WHAT HAS BEEN BOEING’S RESPONSE?

Boeing acknowledged in a statement that Indonesian investigators said the plane had experienced incorrect angle of attack readings. Erroneous inputs from an angle of attack sensor could put a Max 8 into a rapid descent, Boeing said in an advisory to customers. It advised pilots to follow “existing flight crew procedures” if such an event occurs.

Those procedures include switching off electric motors that move the stabilisers in the plane’s tail, which are forcing the aircraft’s nose downward. Pulling the plane back from diving also requires the pilots to take manual control of the aircraft.
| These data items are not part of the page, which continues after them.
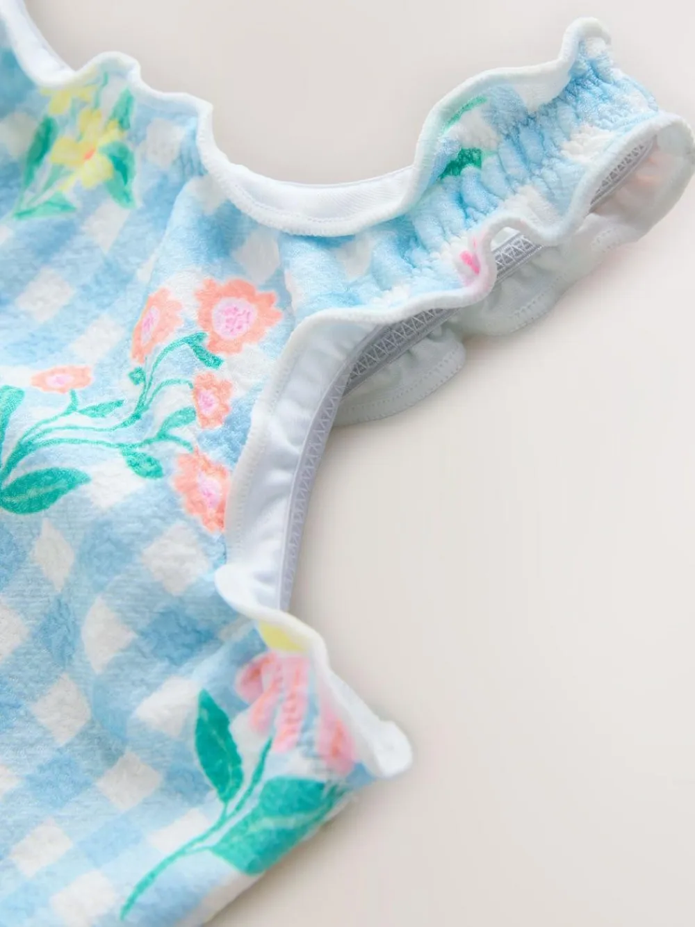 This sweet Blue Floral Swimsuit is perfect for holiday wear for your little one. Made from super stretchy fabric for comfort and freedom of movement, the swimsuit features delicate lettuce edge detailing, offering a charming look for pool time or the beach. Super stretchy fabric Perfect for holiday Lettuce edge detail Machine washable. Main 95% Recycled polyester, 5% Elastane. Lining 92% Recycled polyester, 8% Elastane.
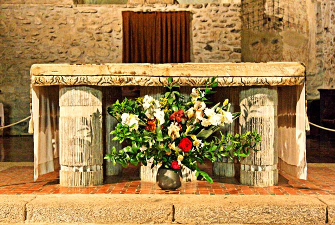 Cette table d'autel est un magnifique bloc de marbre, provenant probablement d'un édifice romain. C'est la table qui a été consacrée mille ans plus tot, retrouvée sur une maison de Vinça où elle servait de balcon. Elle est décorée de feuilles d'acanthe sur la tranche. |
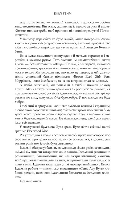 У книзі «Пляжне чтиво» Емілі Генрі блискуче поєднує гумор, глибину й справжню хімію між героями. Дженьюері — яскрава, романтична авторка, яка переживає творчу кризу. Августус — серйозний, похмурий письменник, який зневажає щасливі фінали. Випадково вони опиняються сусідами — і кидають одне одному виклик: за літо написати книгу в жанрі іншого. Але за літературною грою ховаються справжні емоції, спогади й нове, несподіване кохання.
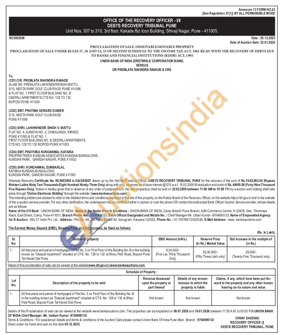 All that piece and parcel of mortgaged of Fiat No. 2 on First Floor of the Building No. B in the building known as "Deepali Apartment situated at CTS. No 128 to 132 at Bhau Patil Road, Bopodi Pune Tal-Haveli Dist Pune
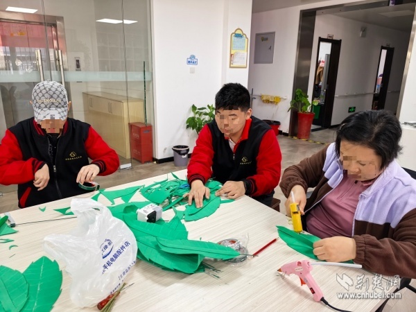 在為期兩周的創(chuàng)作中,陽光家園學(xué)員在志愿者的陪伴下,從設(shè)計畫圖、精準(zhǔn)剪裁到立體塑形、精細組裝,系統(tǒng)學(xué)習(xí)并逐步掌握了銀杏葉與玫瑰花的制作技巧?!暗谝淮螀⑴c制作這么大的藝術(shù)作品,沒想到我也能創(chuàng)造出這么美的作品!”一位學(xué)員自豪地展示成果。創(chuàng)作過程中,殘健伙伴分工協(xié)作、各展所長,在默契配合中締結(jié)了深厚情誼。

The Federal Aviation Administration on Wednesday issued an emergency airworthiness directive saying analysis done by Boeing showed if an “erroneously high” angle of attack sensor reading was fed into the flight control system, it could cause the plane to dive, make it difficult for the crew to control the airplane and lead to “impact with terrain.”

It advised that the “unsafe condition” could “exist or develop in other products of the same type design.”

WHERE DOES THE INVESTIGATION GO FROM HERE?

Further data analysed from the recovered black box — and from the still-missing one, when found — will could help guide investigators piecing together the plane’s final moments.

Because the Boeing 737 Max 8 is a new model, aviation experts are concerned that the crash resulted from an unforeseen problem.

John Gadzinski, an aviation expert and president of Four Winds Aerospace Safety Corp., said that he would be careful in jumping to any conclusions, but that whenever a new airplane with new automated systems is introduced, there is a potential for error.

“There’s a one-in-a-million chance that an unknown failure mode that they absolutely couldn’t imagine has reared its ugly head and is doing something unexpected,” he said. “So that’s a question that the active investigators and Boeing should be asking now.”